Feu vert pour le cannabis à visée thérapeutique. Douleurs neuropathiques réfractaires aux thérapies, médicamenteuses ou non, formes d’épilepsie sévères et pharmacorésistantes, soins de support dans le traitement du cancer, soins palliatifs, douleurs provoquées par la sclérose en plaques ou autres pathologies du système nerveux central : le Comité scientifique spécialisé temporaire (CSST) a rendu publiques mercredi cinq indications pour lesquelles la prescription du cannabis thérapeutique va être autorisée.

Fleurs séchées

Après des mois d’auditions à l’Agence nationale de sécurité du médicament (ANSM), d’échanges avec les collectifs de patients et les sociétés savantes de médecine, le CSST a remis un projet d’expérimentation détaillé d’une nouvelle gamme de médicaments dérivés du cannabis.

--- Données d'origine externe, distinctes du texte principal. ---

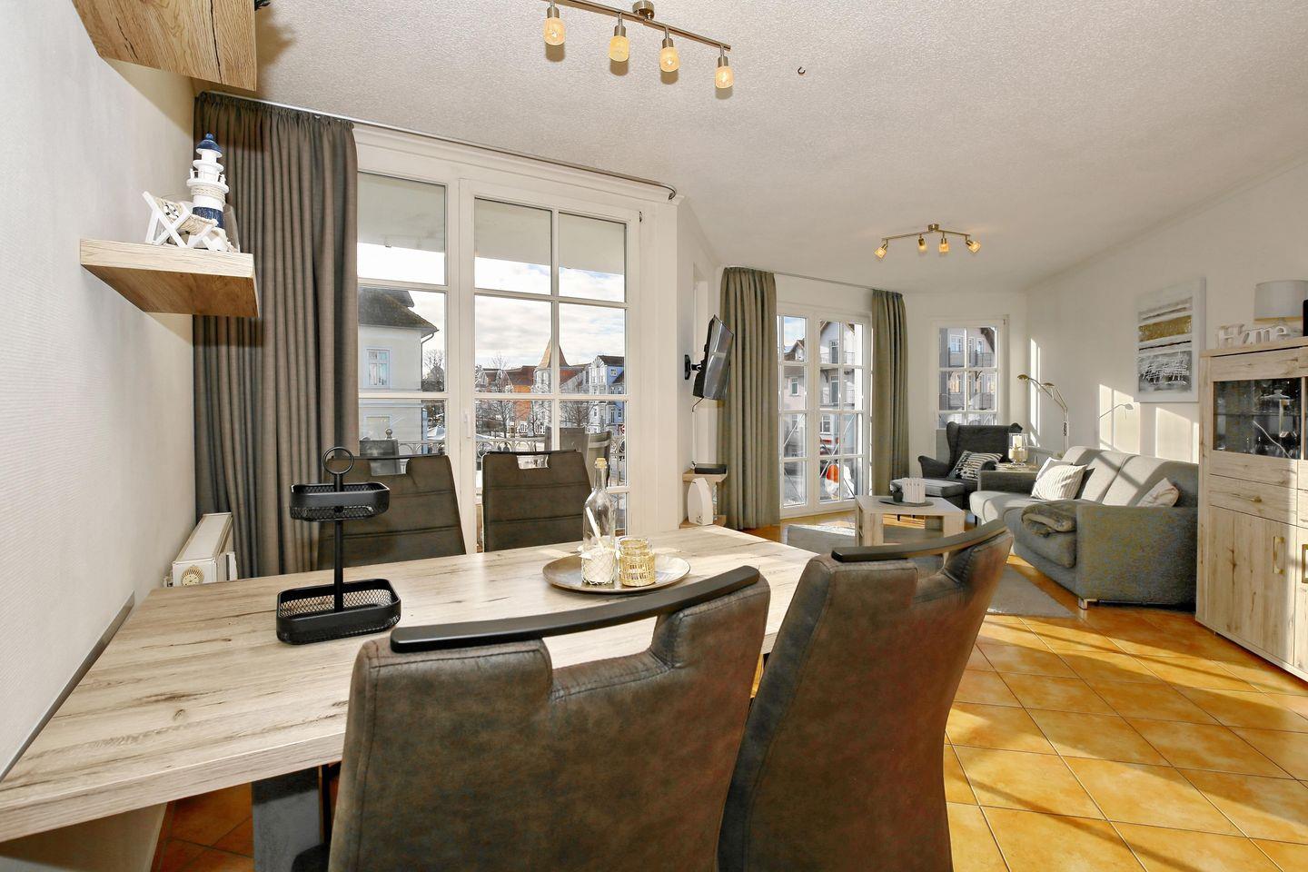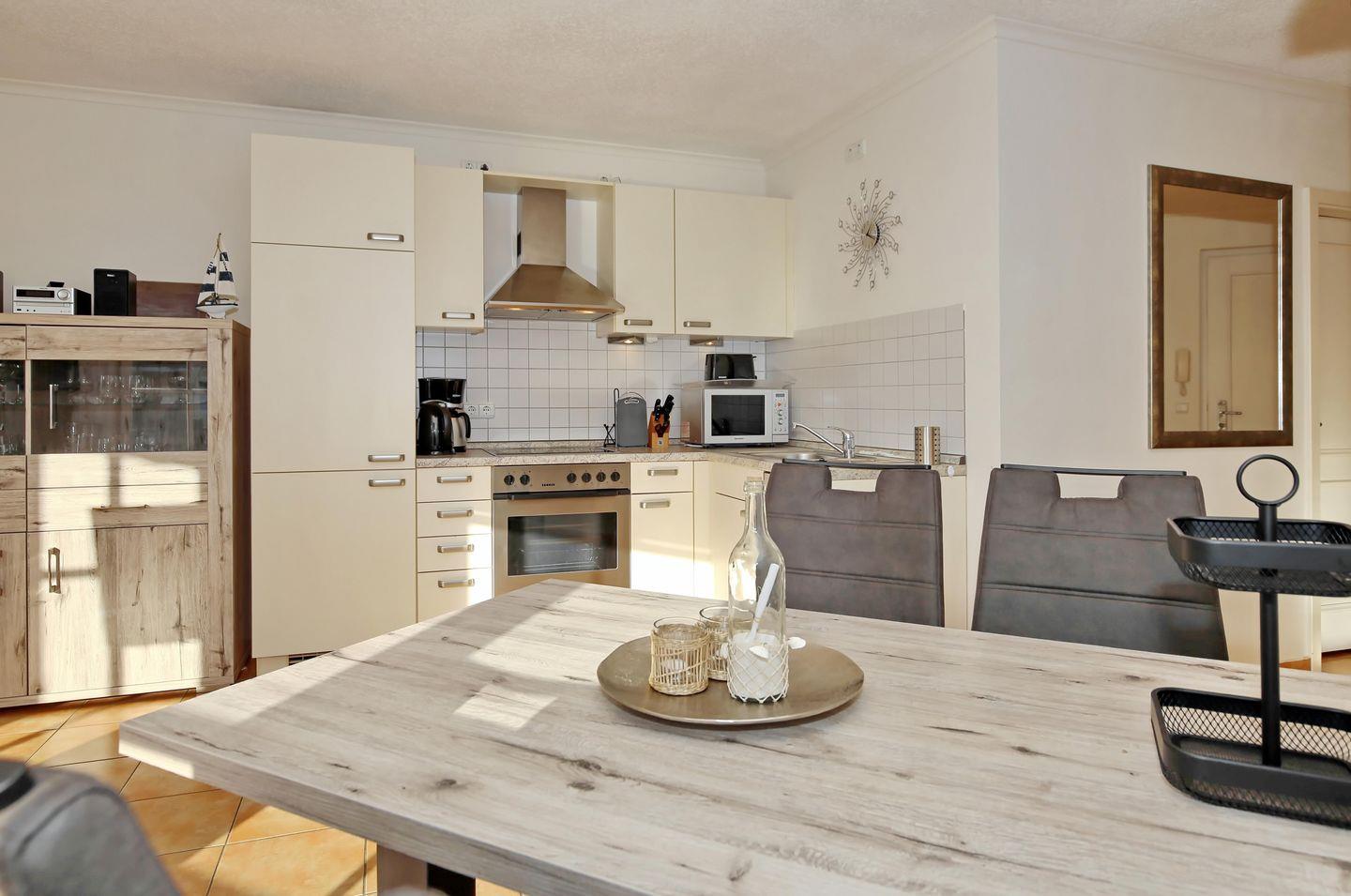 Im Wohnbereich der Ferienwohnung garantieren dir ein bequemes Sofa, ein Sessel sowie ein Flachbild-TV, ein Blu-ray-Player und eine Stereoanlage entspannte Abendstunden. Der WLAN-Zugang steht dir kostenlos zur Verfügung. Der Essbereich ist das Verbindungsstück zwischen dem Wohnbereich und der Küche. Hier hast du genügend Platz für deine gemeinsamen Mahlzeiten.
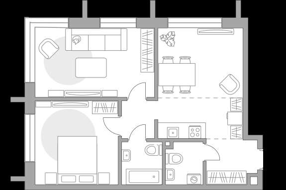 Жилая площадь 30.53 м2, кухня 18.65 м2. Площадь комнат: 16.51/14.02 м2, черновая отделка, окна выходят на улицу.
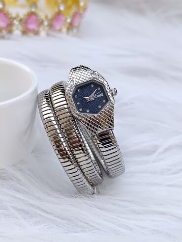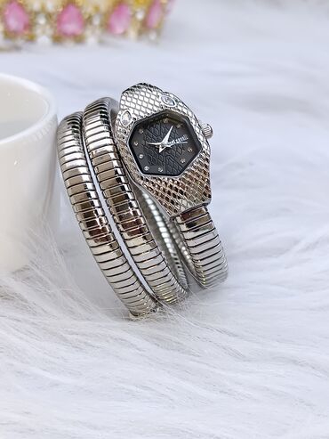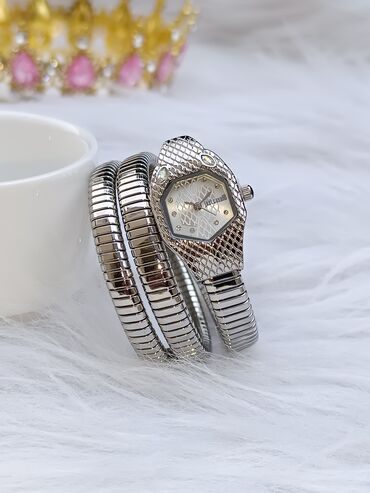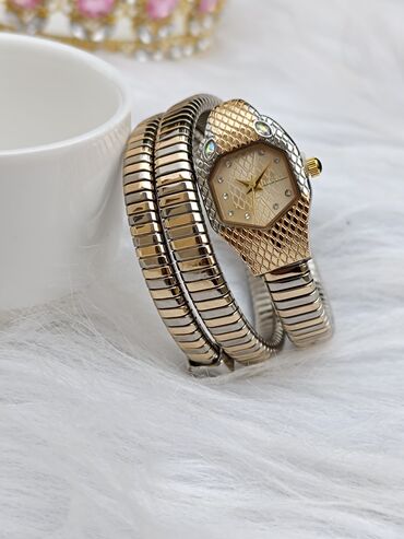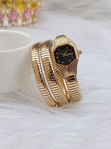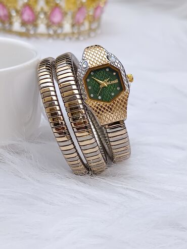 Just Cavalli qadın saatı – zərif “serpantin” dizaynlı qolbaq-saat •KORPUS VƏ QOLBAQ: qızılı rəngli metal, elastik spiral (wrap) qolbaq konstruksiyası – biləyə bir neçə döngə ilə oturur •KADRAN FORM...
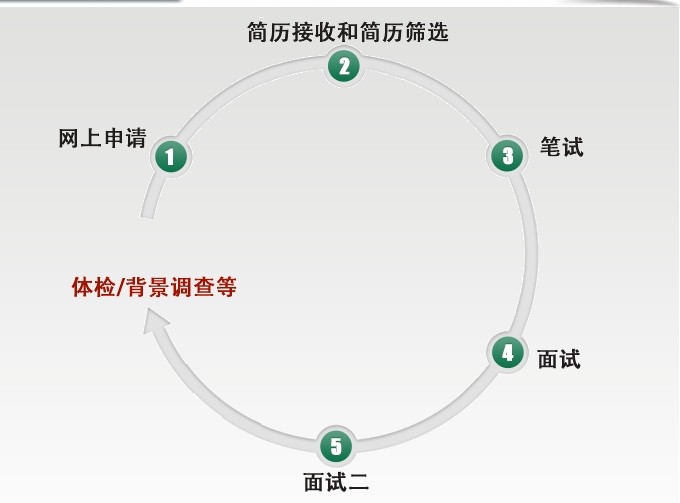 按照發布公告、網上報名、資格審核、筆試(專業素質測試)、面試、背景調查、體檢、錄用等程序進行。
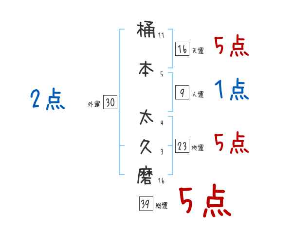 総運![]() | 桶本太久磨さんの総運は39画の5つ星!社交性に優れ人望が厚い。人の上に立ち成功する。 あなたの人生を表す1番重要な運勢です。生涯を通じて影響する総合運となり、主に50歳以降の晩年期に影響を及ぼします。 |
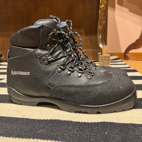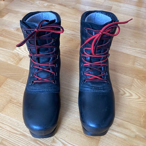 Pjäxorna är väl använda men mycket väl omhändertagna. De har smorts in regelbundet, både före och efter användning. Lädret är mjukt och i gott skick, sulorna hela och funktionella. Normalt slitage syns men inget som påverkar funktionen.
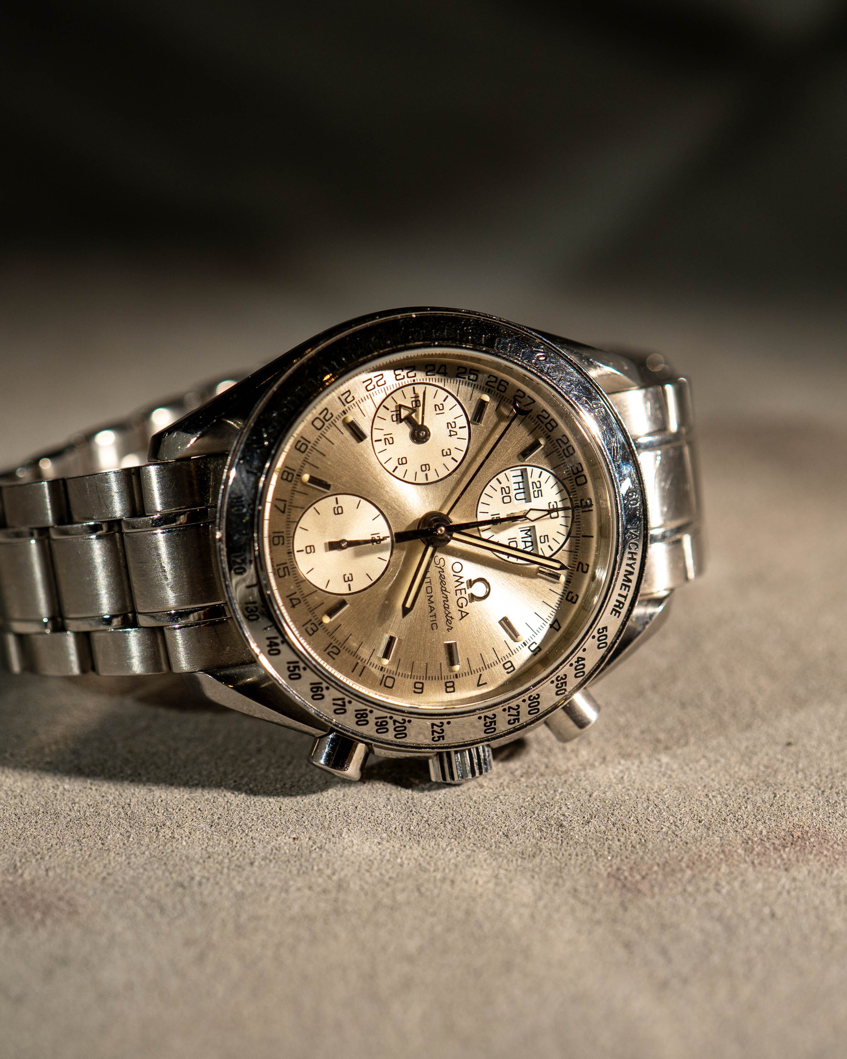 The Speedmaster Day-Date is the lesser-known but more complicated sibling of the classic Speedmaster, combining a full chronograph with a triple-calendar display in a wrist-friendly 39mm case. The warm champagne dial with matching subdials gives this reference a cohesive, dressed-down character that sits equally well in and out of the office.
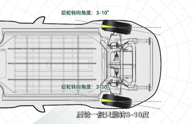 说到转向,咱们一般的车都是通过前轮实现,此时后轮是不动的。而后轮转向技术,就是让后轮做到和前轮相似的转向效果。
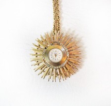 Vintage Mid Century MCM Modernist Coro Sunburst Pendant Brooch Watch - Runs Well
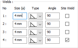Welds ![]() The thickness, type and angle values of the welds to be made at the connections are given. The information on whether it will be done on the construction site or not is entered. |
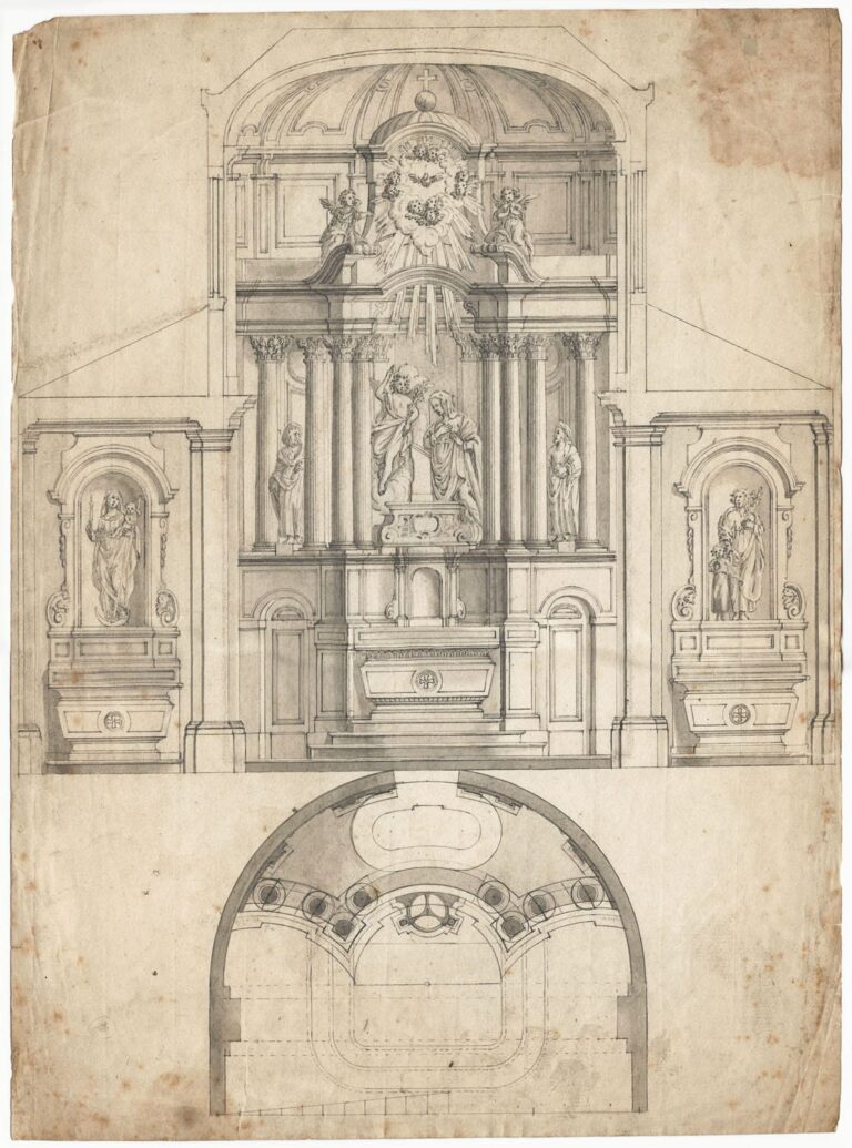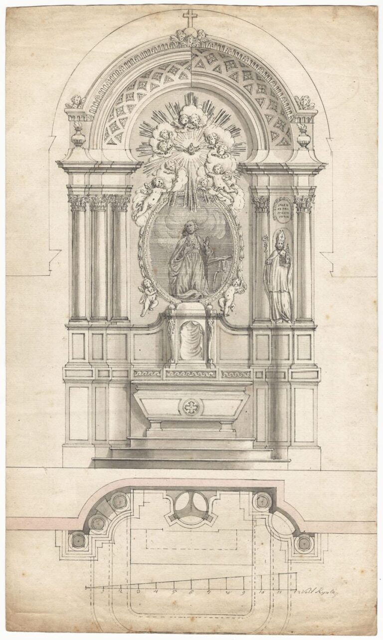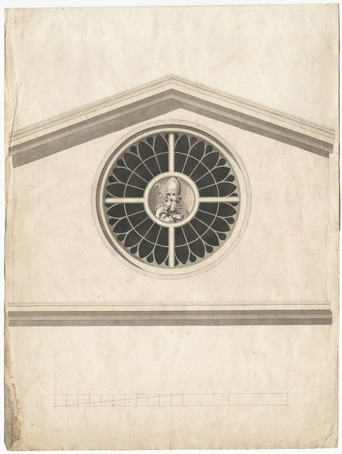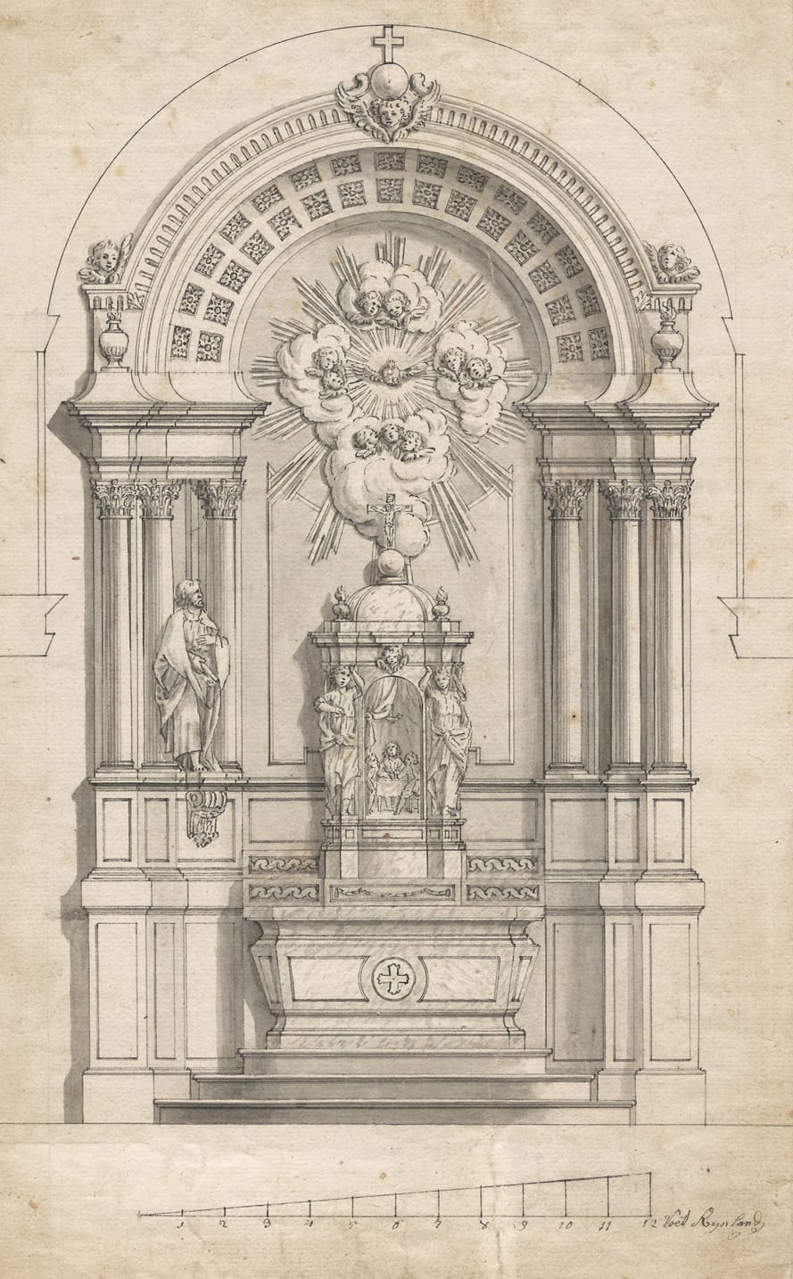During the second half of the eighteenth century, Catholics were however increasingly allowed to build recognisable churches – their rights to do so were officially established in 1798. The designs presented here show exceptionally rich religious interiors, possibly connected with the Catholic church in Rijswijk, built around 1784 (and demolished in 1906).1 The design for the pediment, including a bust of St Willibrordus, who was particularly worshipped in The Netherlands, might date to a slightly later period, and could conceivably be connected to the Old-Catholic Jansenist Church of the Old-Episcopal Clerezij.

Ce projet, transmis aux associations de patients, sera débattu le 26 juin lors d’une dernière audition prévue à l’Agence du médicament avant d’être soumis pour validation finale au ministère de la Santé. Entre 300 000 et 1 million de patients pourraient être concernés par la prise de cannabis thérapeutique, selon les travaux menés par le CSST présidé par le médecin psychiatre Nicolas Authier (lire interview page 4),qui a planché pendant une année.
Le cannabis thérapeutique est considéré comme un médicament et sera prescrit dans un cadre très rigoureux pour éviter les dérives. Pour un effet immédiat, les experts recommandent la mise à disposition d’huile et de fleurs séchées, tandis que les solutions buvables et les capsules d’huile seront prescrites pour un effet prolongé.
Autant dire qu’on ne badine pas avec le cannabis thérapeutique. Qu’on ne saurait confondre avec sa variante récréative qui, hasard (malheureux ?) du calendrier, fait en ce moment même l’objet d’une proposition de loi transpartisane portée par des députés marcheurs mais aussi LFI, le PS, etc. et d’un appel à une légalisation contrôlée porté par 70 personnalités dans l’Obs.

«Planètes alignées»

La France est-elle prête à accepter le cannabis médicament ? Selon un sondage Ifop pour Echo citoyen et Terra Nova de juin 2018, 82 % des Français sont favorables à l’autoriser sur ordonnance. A ce jour, seule l’Académie de pharmacie fait de la résistance, en refusant le terme même de «cannabis thérapeutique». Une dénomination qu’elle juge «abusive et dangereuse», précisant : «Mélange végétal composé de 200 principes actifs différents, variables en quantités et en proportions en fonction des modalités de culture, de récolte, de conservation, n’étant ni dosé, ni contrôlé, le cannabis dit thérapeutique ne peut apporter les garanties d’un médicament.»
L’Hexagone a de fait longtemps été réticent. A ce jour, quelque 45 pays, dont 21 en Europe, permettent un accès légal aux traitements à base de cannabis. Les premiers à l’avoir autorisé sont le Canada, les Pays-Bas et Israël. Pour Olivier Véran, député LREM et médecin hospitalier neurologue à l’origine d’une note à l’attention de la ministre Agnès Buzyn, «les planètes sont aujourd’hui alignées. S’il devait y avoir un blocage, il ne serait que politique». Cet ancien rapporteur de la loi santé de Marisol Touraine (qui refuse d’évoquer les cannabis «récréatif» et «de bien-être» «pour éviter de tout mélanger» et servir les opposants) l’assure : «J’ai hâte de pouvoir prescrire du cannabis à mes patients. Ma priorité, ce sont les malades.»